# Switching to Artificial Turf For Potty



## Maltese Adora-Belle (Jan 23, 2005)

I'm thinking very strongly of switching Belle from wee wee pad to Astro Turf. I wanted to know if anyone here has done this. Eventually, after Belle gets the concept I would be having her use the Astro Turf on an outside dog run that we have. She likes the grass to potty but ours is not in good condition and now the stickers are bugging her so she isn't going outside any more. She is beginning to go potty outside of her exercise pen in a very defiant manner right in front of me inside the house. Any thoughts or suggestions??


----------



## ourprettytessa (Apr 9, 2005)

one of my relative uses astro turf for her maltese but i think the smell is a major disadvantage. it doesn't have a deodorizer so it can get pretty smelly. maybe you can try a different brand of wee wee pads, they have different scents to them.


----------



## Maltese Adora-Belle (Jan 23, 2005)

Thanks Tessa's Mom.

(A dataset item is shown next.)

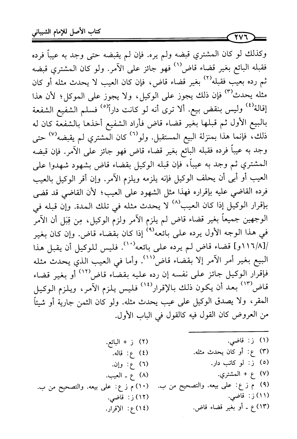 وكذلك لو كان المشتري قبضه ولم يره. فإن لم يقبضه حتى وجد به عيباً فرده فقبله البائع بغير قضاء قاض (¬1) فهو جائز على الآمر. ولو كان المشتري قبضه ثم رده بعيب فقبله (¬2) بغير قضاء قاض، فإن كان العيب لا يحدث مثله أو كان مثله يحدث (¬3) فإن ذلك يجوز على الوكيل، ولا يجوز على الموكل؛ لأن هذا إقالة (¬4) وليس بنقض بيع. ألا ترى أنه لوكانت داراً (¬5) فسلم الشفيع الشفعة بالبيع الأول ثم قبلها بغير قضاء قاض فأراد الشفيع أخذها بالشفعة كان له ذلك، فإنما هذا بمنزلة البيع المستقبل. ولو (¬6) كان المشتري لم يقبضه (¬7) حتى وجد به عيباً فرده فقبله البائع بغير قضاء قاض فهو جائز على الآمر. فإن قبضه المشتري ثم وجد به عيباً، فإن قبله الوكيل بقضاء قاض بشهود شهدوا على العيب أو أبى أن يحلف الوكيل فإنه يلزمه ويلزم الآمر. وإن أقر الوكيل بالعيب فرده القاضي عليه بإقراره فهذا مثل الشهود على العيب؛ لأن القاضي قد قضى بإقرار الوكيل إذا كان العيب (¬8) لا يحدث مثله في تلك المدة. وإن قبله في الوجهين جميعاً بغير قضاء قاض لم يلزم الآمر ولزم الوكيل، مِن قِبَل أن الآمر في هذا الوجه الأول يرده على بائعه (¬9) إذا كان بقضاء قاض. وإن كان بغير قضاء قاض لم يرده على بائعه (¬10). فليس للوكيل أن يقبل هذا البيع بغير أمر الآمر إلا بقضاء قاض (¬11). وأما في العيب الذي يحدث مثله فإقرار الوكيل جائز على نفسه إن رده عليه بقضاء قاض (¬12) أو بغير قضاء قاض (¬13) بعد أن يكون ذلك بالإقرار (¬14) فليس يلزم الآمر، ويلزم الوكيل المقر، ولا يصدق الوكيل على عيب يحدث مثله. ولو كان الثمن جارية أو شيئاً من العروض كان القول فيه كالقول في الباب الأول.

I have emailed the company that has advertised that their astro turf is great for dog runs for testimonies and also how you combat odor and clean. My husband saw an article in our paper about using it for dogs and that's where I started thinking about it. It would be outside the house on the side that has a dog run that I would like to use to train Belle to use rather than wee wee pads at all. I know it will take time if we try it to get her to give up the wee wee pads by gradually working with her to go to door to outside for potty. Hopefully the company will send me more information. Thanks for your input. I know without being able to clean daily it would be a problem even outside.~Jackie P.S. Since she is currently starting to have accidents as in defiant I thought that starting all over with the turf would be a good alternative. She would not be able to think that the carpet is a substitute for the soft wee wee pad. Grass is grass, I hope. Wish us luck if we decide to try this. It will be like starting all over but she just turned 1 so I see it as a possibility if I really work with her.


----------